| What to work on |
Please repeat, exactly and without pictures, the lines of the entries below that run from the one containing "Für Brot, Käse, Wurst, Tomaten" through the one containing "Um vasinho de".

| Data records |

---+---

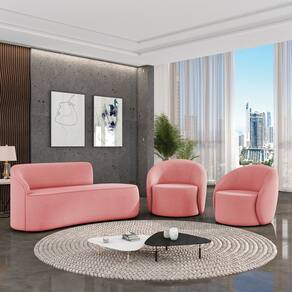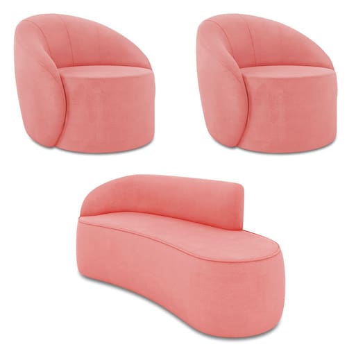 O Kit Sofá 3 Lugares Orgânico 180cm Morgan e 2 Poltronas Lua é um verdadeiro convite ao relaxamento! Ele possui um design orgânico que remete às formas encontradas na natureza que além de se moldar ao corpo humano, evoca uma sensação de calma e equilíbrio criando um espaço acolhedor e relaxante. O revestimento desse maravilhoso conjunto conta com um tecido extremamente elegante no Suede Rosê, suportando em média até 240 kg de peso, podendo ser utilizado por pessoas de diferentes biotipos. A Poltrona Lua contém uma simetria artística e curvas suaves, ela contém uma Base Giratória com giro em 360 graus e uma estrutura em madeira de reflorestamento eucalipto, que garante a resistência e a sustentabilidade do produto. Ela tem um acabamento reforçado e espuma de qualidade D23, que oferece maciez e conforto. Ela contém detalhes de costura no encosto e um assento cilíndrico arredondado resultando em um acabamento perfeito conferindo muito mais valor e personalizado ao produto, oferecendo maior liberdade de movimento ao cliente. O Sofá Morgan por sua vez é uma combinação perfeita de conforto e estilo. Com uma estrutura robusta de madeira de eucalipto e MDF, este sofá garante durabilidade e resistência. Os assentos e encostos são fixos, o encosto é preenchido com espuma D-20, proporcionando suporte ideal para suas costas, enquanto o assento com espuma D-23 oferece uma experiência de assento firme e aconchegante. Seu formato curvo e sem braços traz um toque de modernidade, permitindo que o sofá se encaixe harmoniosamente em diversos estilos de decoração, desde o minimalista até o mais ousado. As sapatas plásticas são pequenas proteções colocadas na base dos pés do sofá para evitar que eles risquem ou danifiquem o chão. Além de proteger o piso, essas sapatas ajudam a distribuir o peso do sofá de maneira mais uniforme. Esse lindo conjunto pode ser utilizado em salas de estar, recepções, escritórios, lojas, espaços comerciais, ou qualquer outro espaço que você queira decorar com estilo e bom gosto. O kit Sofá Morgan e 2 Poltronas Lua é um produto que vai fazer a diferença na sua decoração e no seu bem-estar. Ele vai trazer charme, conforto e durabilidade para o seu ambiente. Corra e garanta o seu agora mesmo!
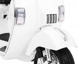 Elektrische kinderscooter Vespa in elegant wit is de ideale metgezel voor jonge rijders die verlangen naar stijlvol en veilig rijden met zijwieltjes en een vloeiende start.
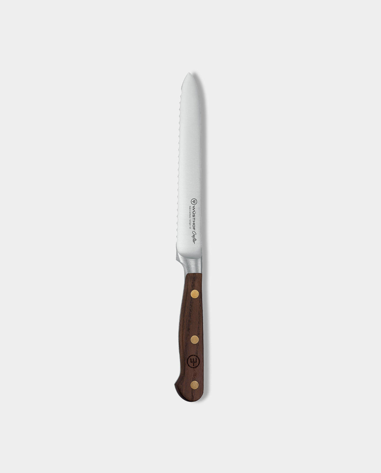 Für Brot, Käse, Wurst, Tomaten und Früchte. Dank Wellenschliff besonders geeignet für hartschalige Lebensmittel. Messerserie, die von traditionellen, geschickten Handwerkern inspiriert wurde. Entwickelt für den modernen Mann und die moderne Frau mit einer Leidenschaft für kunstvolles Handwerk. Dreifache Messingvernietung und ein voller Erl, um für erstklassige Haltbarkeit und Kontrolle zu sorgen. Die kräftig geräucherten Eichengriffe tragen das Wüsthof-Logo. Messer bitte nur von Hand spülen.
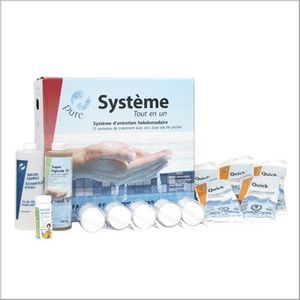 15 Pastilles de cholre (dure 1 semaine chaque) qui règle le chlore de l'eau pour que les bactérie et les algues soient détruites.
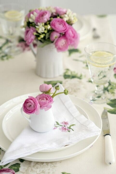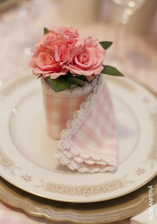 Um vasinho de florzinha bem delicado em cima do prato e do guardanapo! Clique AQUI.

---+---

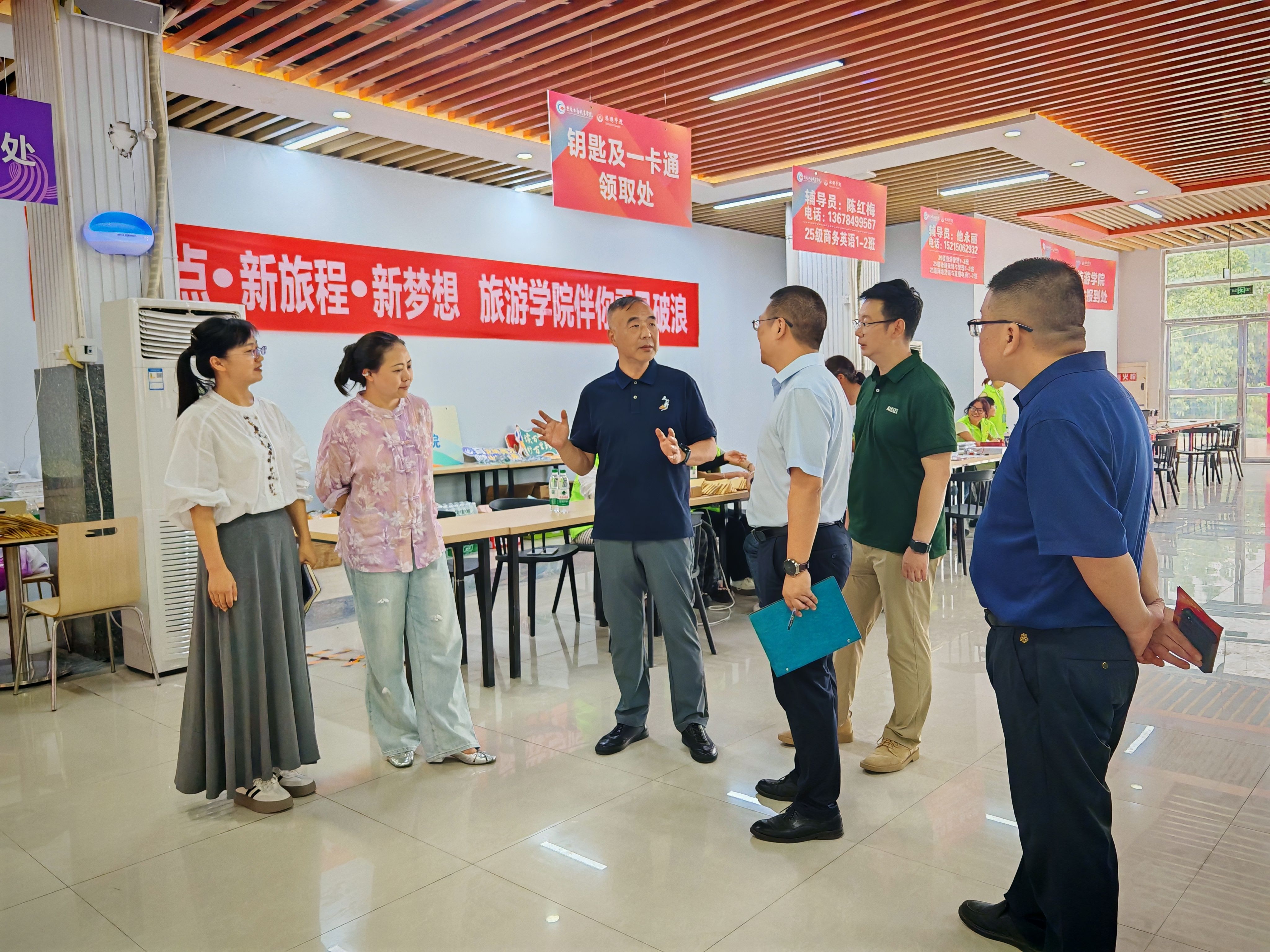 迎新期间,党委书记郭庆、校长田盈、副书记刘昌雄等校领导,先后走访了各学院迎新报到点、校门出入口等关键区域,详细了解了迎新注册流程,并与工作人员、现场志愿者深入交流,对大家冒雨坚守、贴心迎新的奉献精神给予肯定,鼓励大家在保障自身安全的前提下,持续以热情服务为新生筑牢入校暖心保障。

---+---

| Solution to this problem |
 Für Brot, Käse, Wurst, Tomaten und Früchte. Dank Wellenschliff besonders geeignet für hartschalige Lebensmittel. Messerserie, die von traditionellen, geschickten Handwerkern inspiriert wurde. Entwickelt für den modernen Mann und die moderne Frau mit einer Leidenschaft für kunstvolles Handwerk. Dreifache Messingvernietung und ein voller Erl, um für erstklassige Haltbarkeit und Kontrolle zu sorgen. Die kräftig geräucherten Eichengriffe tragen das Wüsthof-Logo. Messer bitte nur von Hand spülen.
 15 Pastilles de cholre (dure 1 semaine chaque) qui règle le chlore de l'eau pour que les bactérie et les algues soient détruites.
 Um vasinho de florzinha bem delicado em cima do prato e do guardanapo! Clique AQUI.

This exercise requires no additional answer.